Are Foreign Language Characters in URLs Bad for SEO?
Posted by drew on Dec. 7, 2014, 5 p.m.
Being an SEO can be difficult, especially when competition is getting stiffer and old techniques simply aren’t working anymore. However, I am grateful for being an SEO that works primarily on sites written in English. Using a Latin alphabet makes SEO much easier.
I do, however, have international clients, working in Chinese, Japanese, Spanish, etc.

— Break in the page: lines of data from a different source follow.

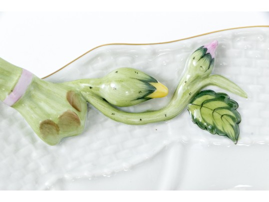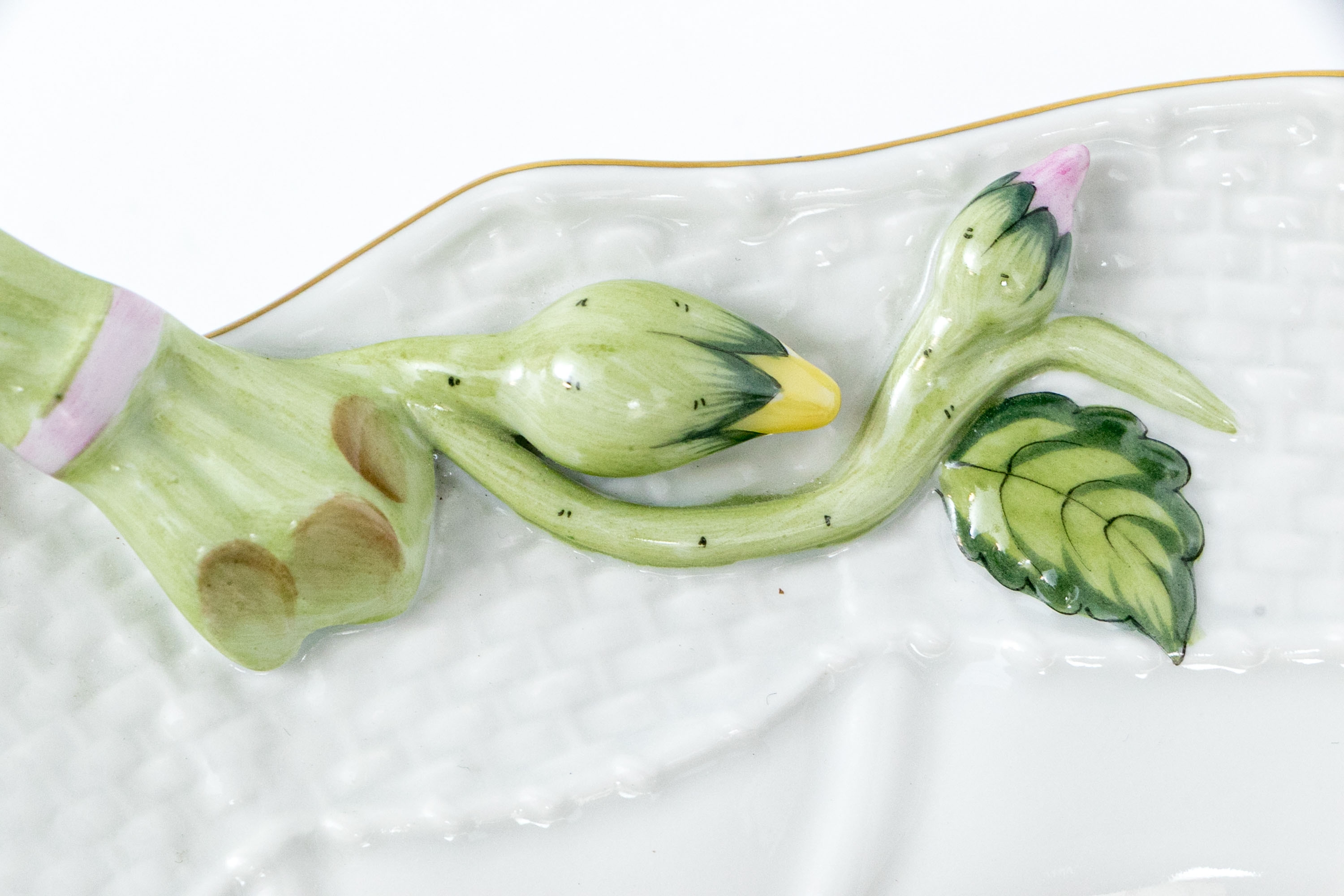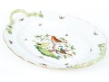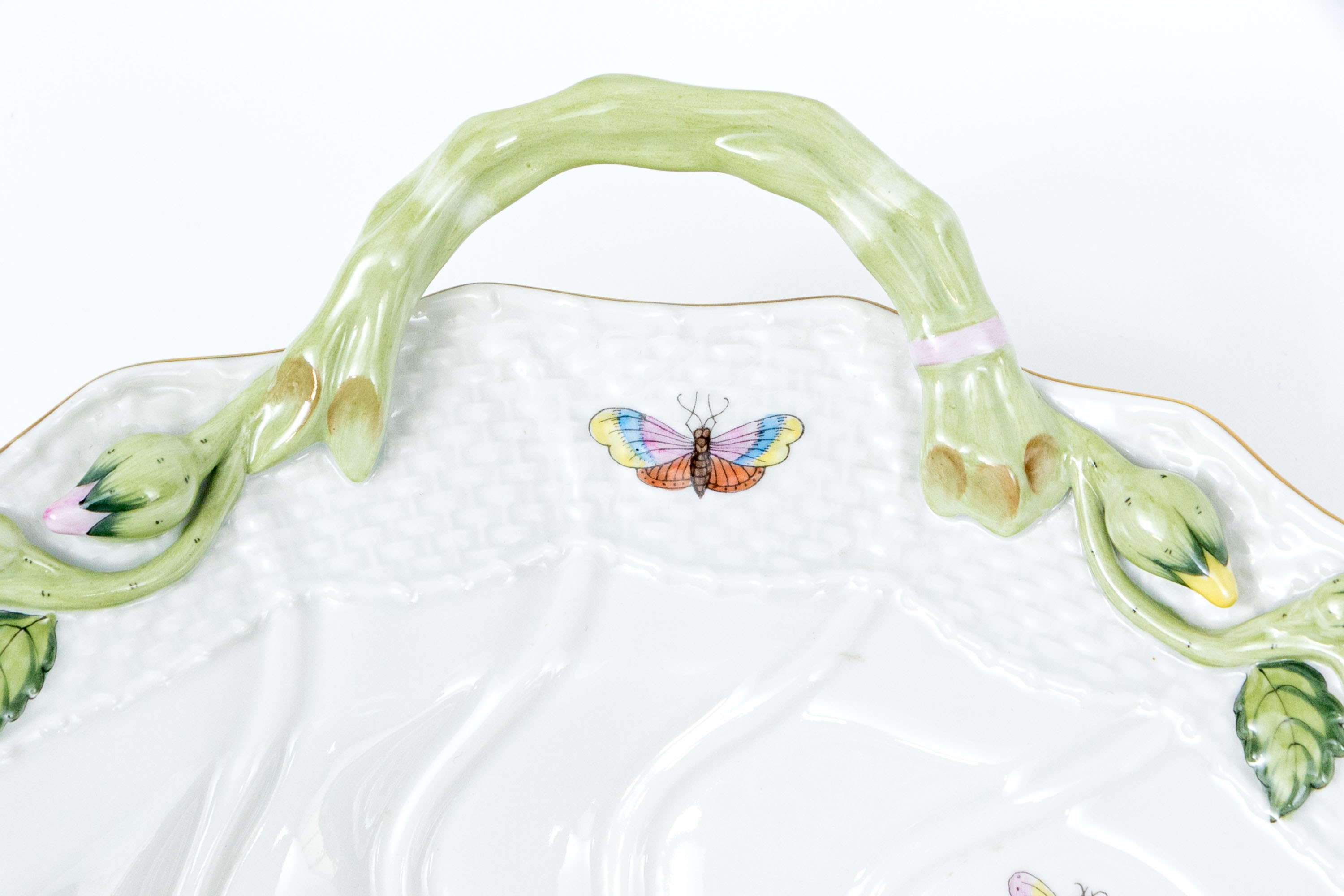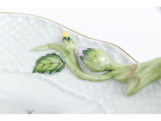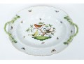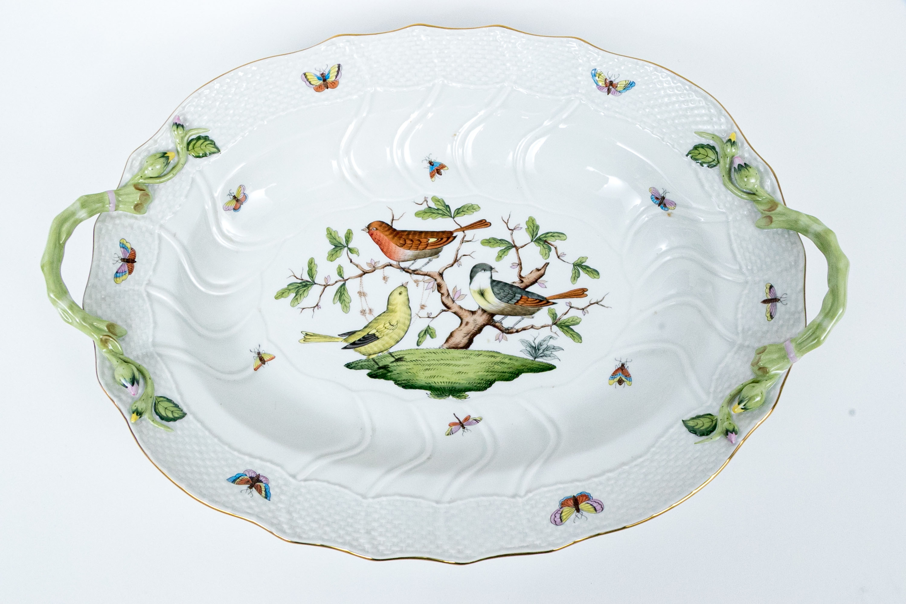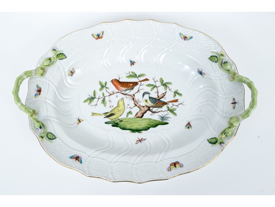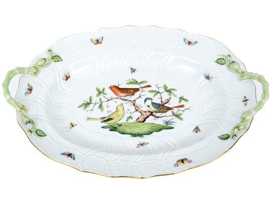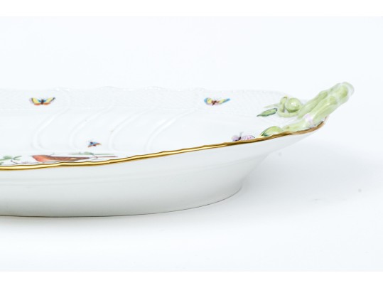 Herend Hungary hand-painted porcelain oval serving dish featuring the Rothschild Bird (RO) pattern with applied floral handles and 24K gold trim. This elegant handled dish is crafted in Herend’s signature osier (basketweave) molded pattern, with scalloped edges and delicate green branch-form handles adorned with bud and leaf appliqués at each end. The dish is richly decorated with Herend’s iconic Rothschild Bird scene at center, depicting three finely detailed songbirds perched on leafy branches with necklace, surrounded by colorful butterflies, beetles, and insects—each one uniquely hand-painted in vivid enamel hues. The design is framed with a softly fluted interior and finished with a hand-applied gold rim. The underside bears the Herend Hungary blue shield hallmark with crossed paintbrushes, HANDPAINTED, and pattern number 1125/RO.
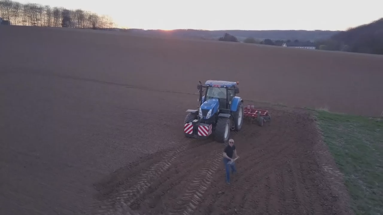 Дрон снимал фермера, который вспахивал поле. Когда фермер заметил его, то не очень обрадовался и решил кинуть в дрон лопатой.
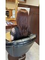 ピンク×ブラウンの色味でツヤツヤな質感UPです☆レイヤースタイルになるので、毛先を軽く巻くだけでふんわりなスタイルになります♪
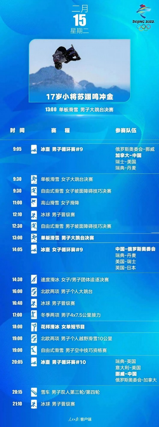 自由式滑雪女子坡面障碍技巧决赛,谷爱凌将继续向领奖台发起冲击。而在单板滑雪赛场上。苏翊鸣、荣格分别出战男子、女子大跳台决赛。
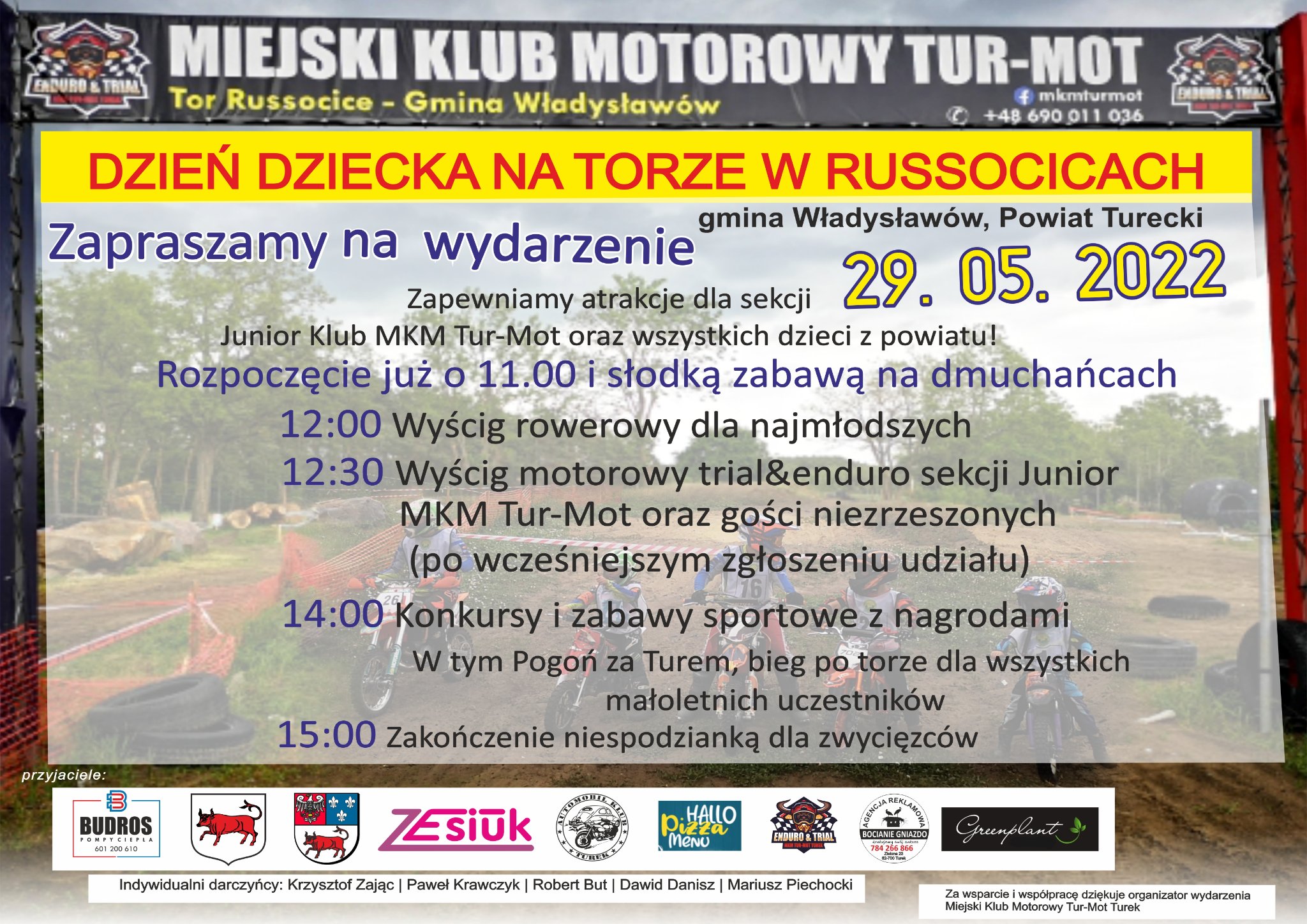 Już w najbliższy weekend 29.05.2022 zapraszamy na dzień dziecka organizowany przez MKM Tur-Mot Turek Enduro & Trial. Zapewniamy atrakcje dla sekcji Junior Klub MKM Tur-Mot oraz wszystkich dzieci z powiatu! Rozpoczęcie już o 11.00 i słodką zabawą na dmuchańcach
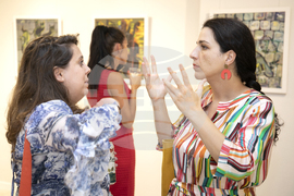 София (15 август 2023) Изложбата "Градът Утопия" на Николай Тотев (ляво) се открива в столичната изложба " Контраст ". Куратор е доктор изк. Ани Венкова (дясно). Снимка: Елена Дикова/БТА(ЕД)
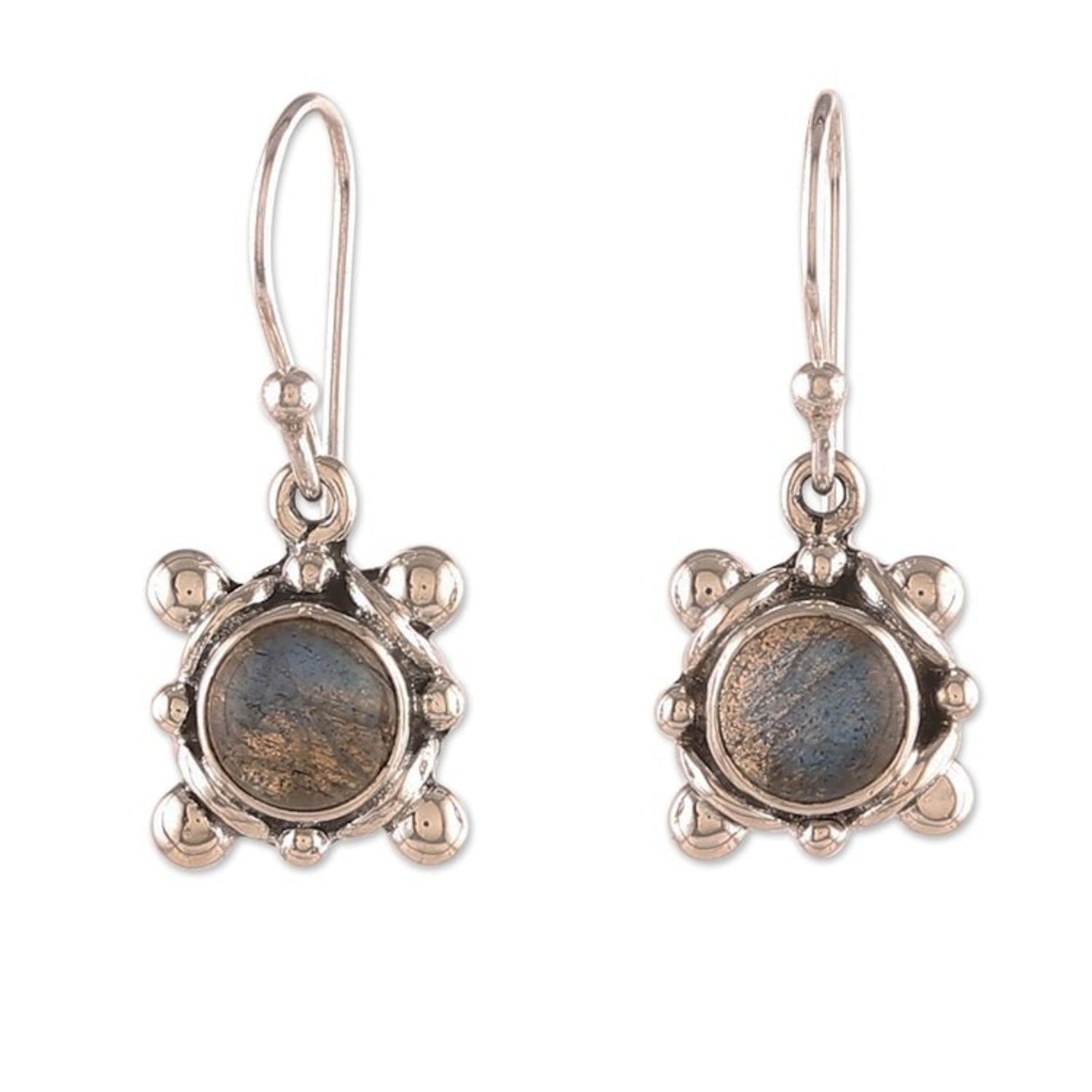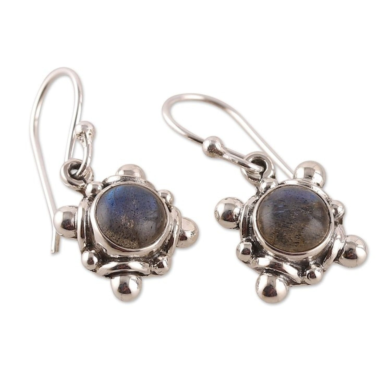 Sterling Silver and Natural Labradorite Dangle Earrings 'Intuitive Cosmos'
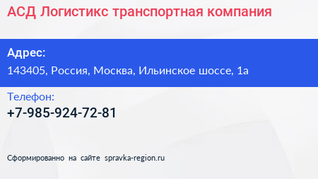 АСД Логистикс, транспортная компания по адресу 143405, Россия, Москва, Ильинское шоссе, 1а в дальнейшем Организация, размещена в следующих категориях:
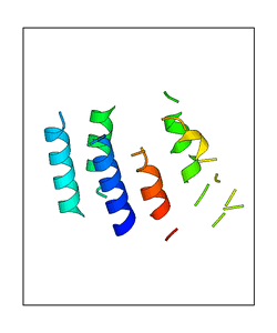 These views are prepared from three orthologuous viewpoints with MolScript. Secondary structures are determined from the C-alpha atom positions of your protein (N-terminal blue, C-terminal red).
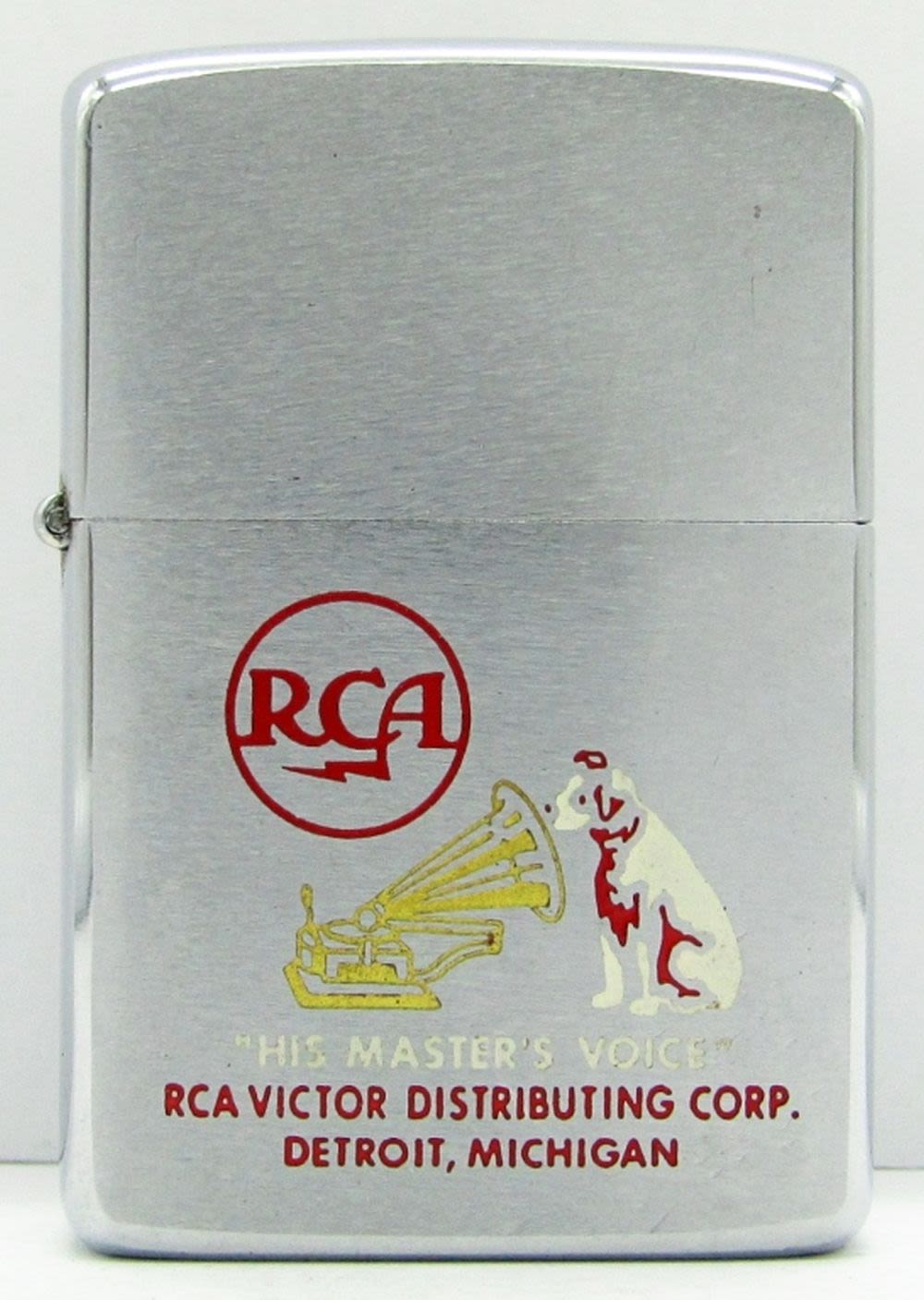 “RCA His Master’s Voice RCA Victor Distributing Corp. Detroit, Michigan”; Unfired Zippo Lighter.
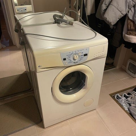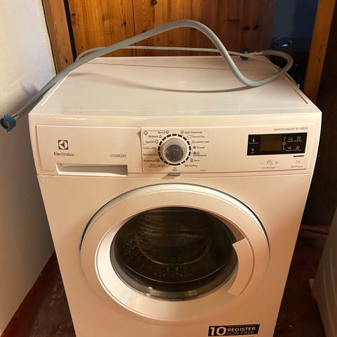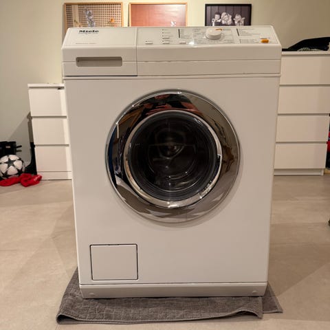 Gram frontmatet vaskemaskin med standard hvit farge og kontrollpanel med flere vaskeprogrammer. Maskinen har en frontmatet dør og skuff for vaskemiddel. Maskinen er fra 2018/19, og virker som den skal, men bråker mer under sentrifugering nå enn da den var ny.
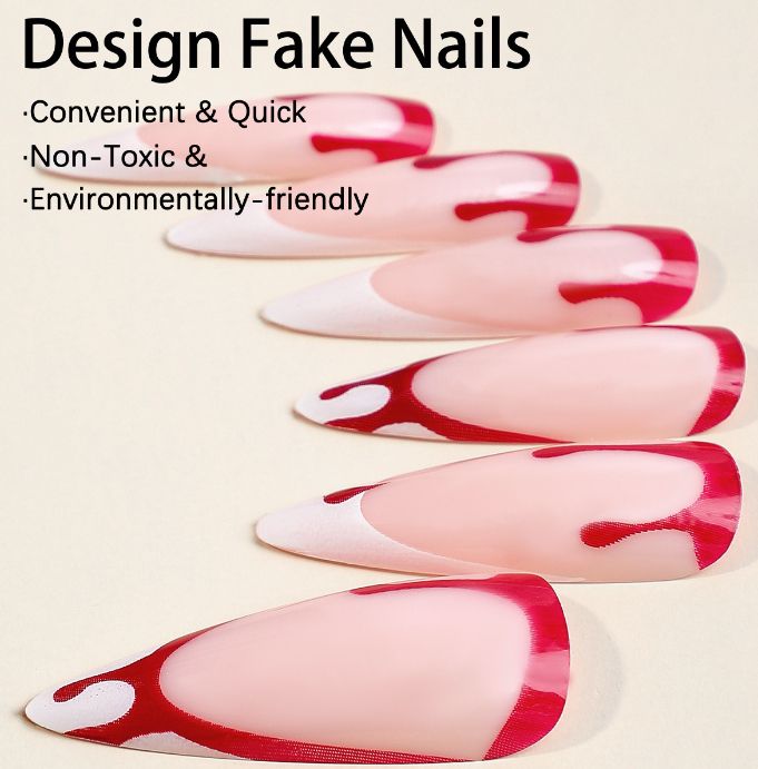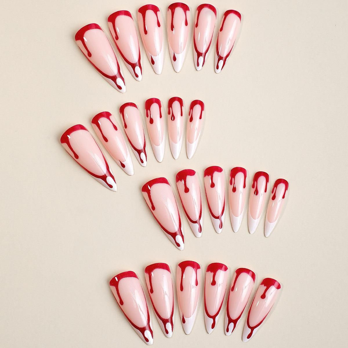 Wear Armor Halloween Day Long Pointed Wear Nail Tip Blood Drops White Side Detachable Fake Nail Patch
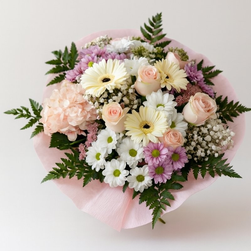 Cada flor aporta su propia personalidad: las rosas simbolizan cariño y admiración, las margaritas frescura y sencillez, las hortensias elegancia y volumen, y las gerberas un toque alegre y moderno. El resultado es un ramo que transmite amor sereno, dulzura y positividad, perfecto para cumpleaños, aniversarios, nacimientos o cualquier momento especial.
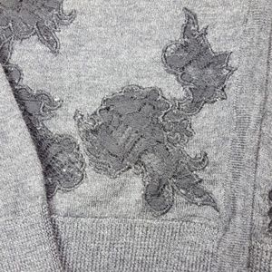Beautiful gray cardigan with sheer flower detail at bottom. There are two small holes on one sleeve. See pics. Merino wool and Acrylic.
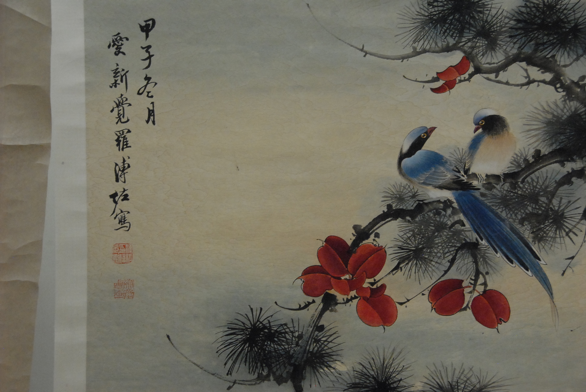 Group of four oriental scrolls to include a watercolor on paper of birds in a tree with flowers, watercolor on paper of a pine tree, watercolor on paper of two rabbits, and a double watercolor on paper, landscape both.

There is a lot that can be said about international SEO, like including the appropriate language tags on your page, but that’s the topic for another blog post. This entry will specifically talk about how to handle URLs for languages that use non-latin characters.
Any SEO will tell you that, when it comes to on-site optimization, there are some things you should definitely check, including, but not limited to:
Including non-Latin characters in the content and meta data of your page is simple enough, and it seems like it would be most beneficial to reach searchers who are using those characters. But what about the URL? Will you be able to actually display non-Latin characters in a URL, or will it completely break your site?
Well, it doesn’t look like it will break your site, but as to whether it actually displays, the answer might lie in your choice of browser. For example, the Japanese Wikipedia page for soccer (サッカー) might display as <http://ja.wikipedia.org/wiki/%E3%82%B5%E3%83%83%E3%82%AB%E3%83%BC> or as <http://ja.wikipedia.org/wiki/サッカー>, depending on the browser you use.
Some SEOs are wary of using these non-Latin characters in URLs because of the way it might display in certain browsers, or in certain text cases when the link is copied and pasted somewhere online. While having spammy-looking links is never a good thing, I personally think the possible benefit in search results is worth the drawback.
Search results in Google show the non-Latin characters, so searchers who use these characters will see their search query bolded in results. This increases the clickthrough rate of that snippet.
Something needs to be said about transliteration, which is the process of exchanging non-Latin characters for similar-looking letters in the Latin alphabet. This is most common in languages like French, Spanish, and German, where there are accented letters.
A good example of this is the website for the city of Düsseldorf, Germany. The domain for the city’s official site is www.duesseldorf.de. A keen eye will notice that the letter U with an umlaut has been replaced by ‘ue’ in the domain name.
Looking at the Google Adwords Keyword Tool, we can see how the different options stack up in terms of search traffic: using an accent, using the transliterated version, or simply leaving the accent out of the word.
The transliterated search trails far behind the others. If you want to match the exact query, you should look into using the umlaut in your URL. But based on when I see in the search results, Google displays transliterated results for both [dusseldorf] and [düsseldorf] searches.
All of this is further complicated by the fact that users in different locations search differently for the same thing. For instance, if you limit the Keyword Tool to only United States traffic, [dusseldorf] becomes the leader in searches over [düsseldorf].
Google has addressed this issue, saying they return results for both accented and non-accented versions of queries, though the slight differences a user sees between these SERPs come from their language preferences.
While some SEOs will be afraid of the potential for your URLs to look spammy with strings of numbers letters and percent signs, I think the benefit of having the non-Latin characters show up bolded in the URL of your search snippet is worth that, especially when most browsers are displaying the original characters anyway.
Lastly, for languages that are closer to using the Latin alphabet, you have the option of simply omitting accents or transliterating the text, but my recommendation would be to include the accents whenever possible, as your results will still show up for non-accented queries.